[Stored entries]
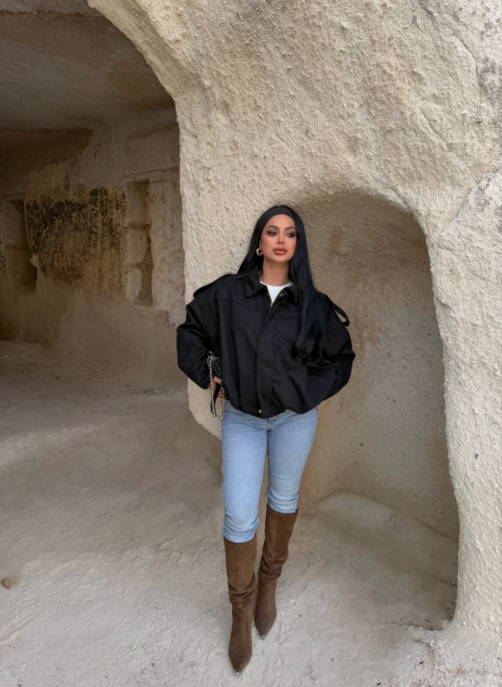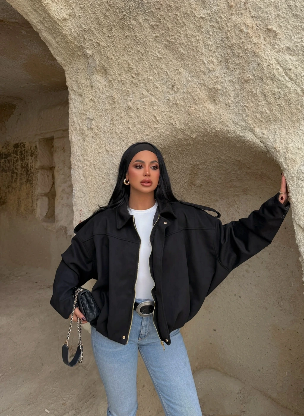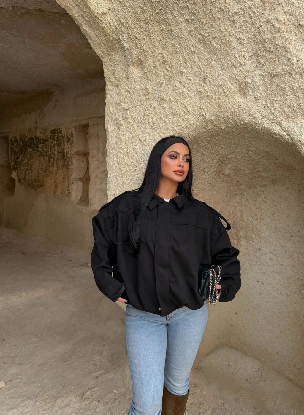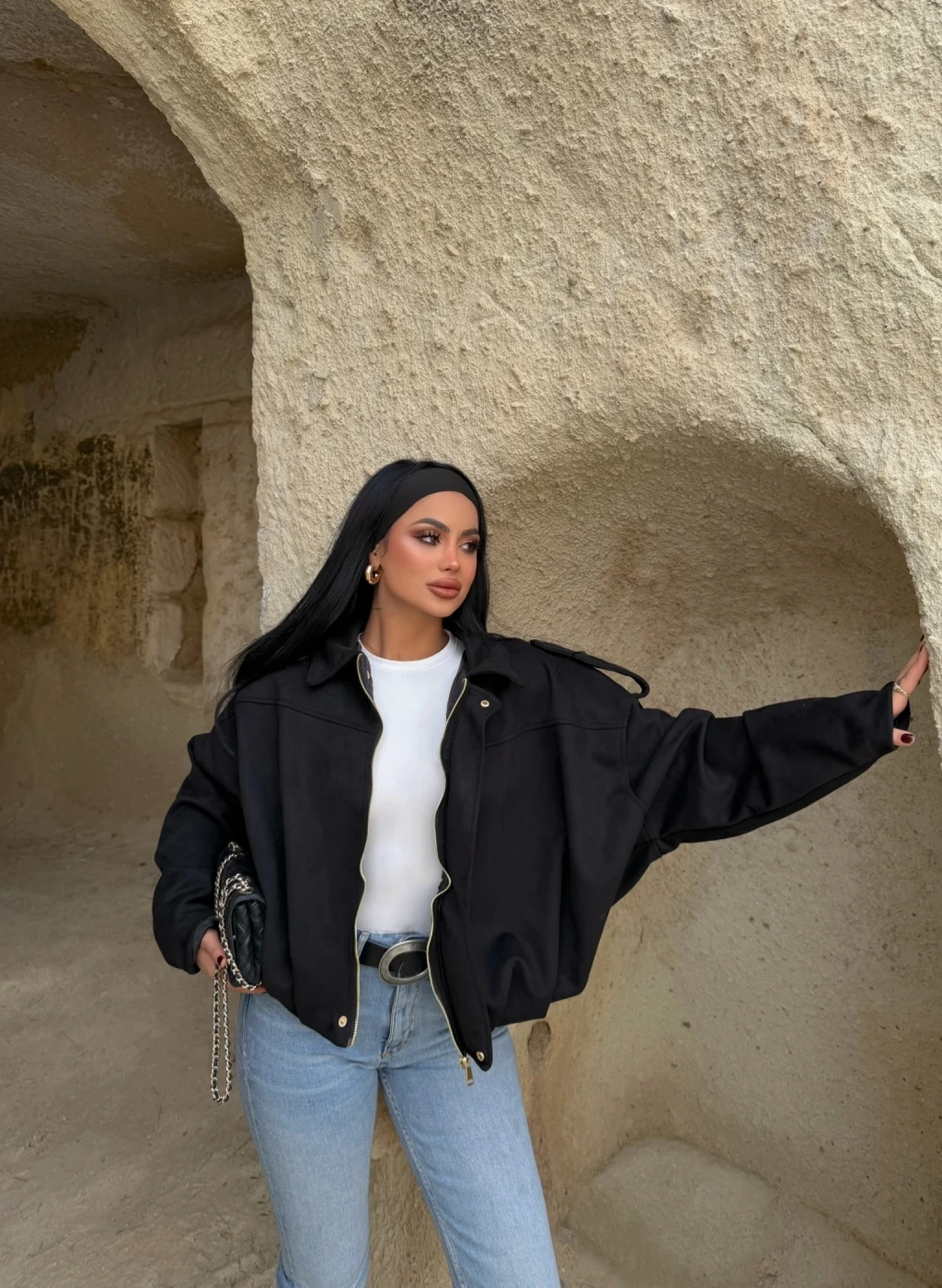 Siyah Süet Oversize Bomber Mont
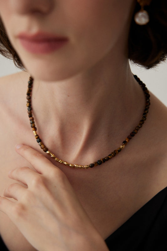 Vintage Lovers' Tiger Eye Golden Glitter Necklace
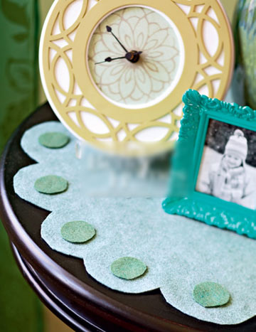 毛氈制成的桌墊可以保護桌面,再剪些扇形花邊和波點會更加俏皮。和桌墊搭配的座鐘也是由相框改裝成的,拆掉相框的玻璃罩和底板,按照底板的尺寸剪裁。在紙板上墊上紙,在中央打洞安裝座鐘裝置。把座鐘重新安回相框后,再用小托架墊起來。
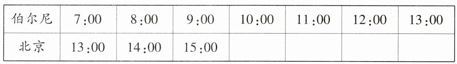 五、下面是北京时间与瑞士首都伯尔尼的时间对照表。
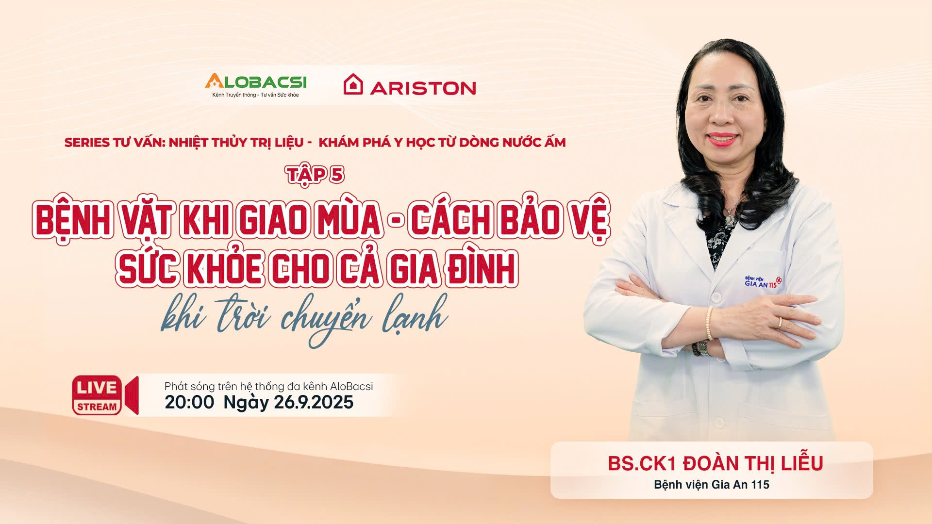 Chương trình sẽ phát sóng lúc 20h, thứ Sáu, ngày 26/9/2025 trên YouTube AloBacsi và Fanpage AloBacsi. Đừng bỏ lỡ những bí quyết khoa học, đơn giản mà hiệu quả để cả gia đình luôn an yên trong những ngày “trái gió trở trời”!

_YOUR GOAL:_ The lines wanted are those from the one with "Vintage Lovers' Tiger" to the end of the entries above, repeated exactly, both ends included. Leave out the pictures.

_OUTPUT FOR THIS EXERCISE:_
 Vintage Lovers' Tiger Eye Golden Glitter Necklace
 毛氈制成的桌墊可以保護桌面,再剪些扇形花邊和波點會更加俏皮。和桌墊搭配的座鐘也是由相框改裝成的,拆掉相框的玻璃罩和底板,按照底板的尺寸剪裁。在紙板上墊上紙,在中央打洞安裝座鐘裝置。把座鐘重新安回相框后,再用小托架墊起來。
 五、下面是北京时间与瑞士首都伯尔尼的时间对照表。
 Chương trình sẽ phát sóng lúc 20h, thứ Sáu, ngày 26/9/2025 trên YouTube AloBacsi và Fanpage AloBacsi. Đừng bỏ lỡ những bí quyết khoa học, đơn giản mà hiệu quả để cả gia đình luôn an yên trong những ngày “trái gió trở trời”!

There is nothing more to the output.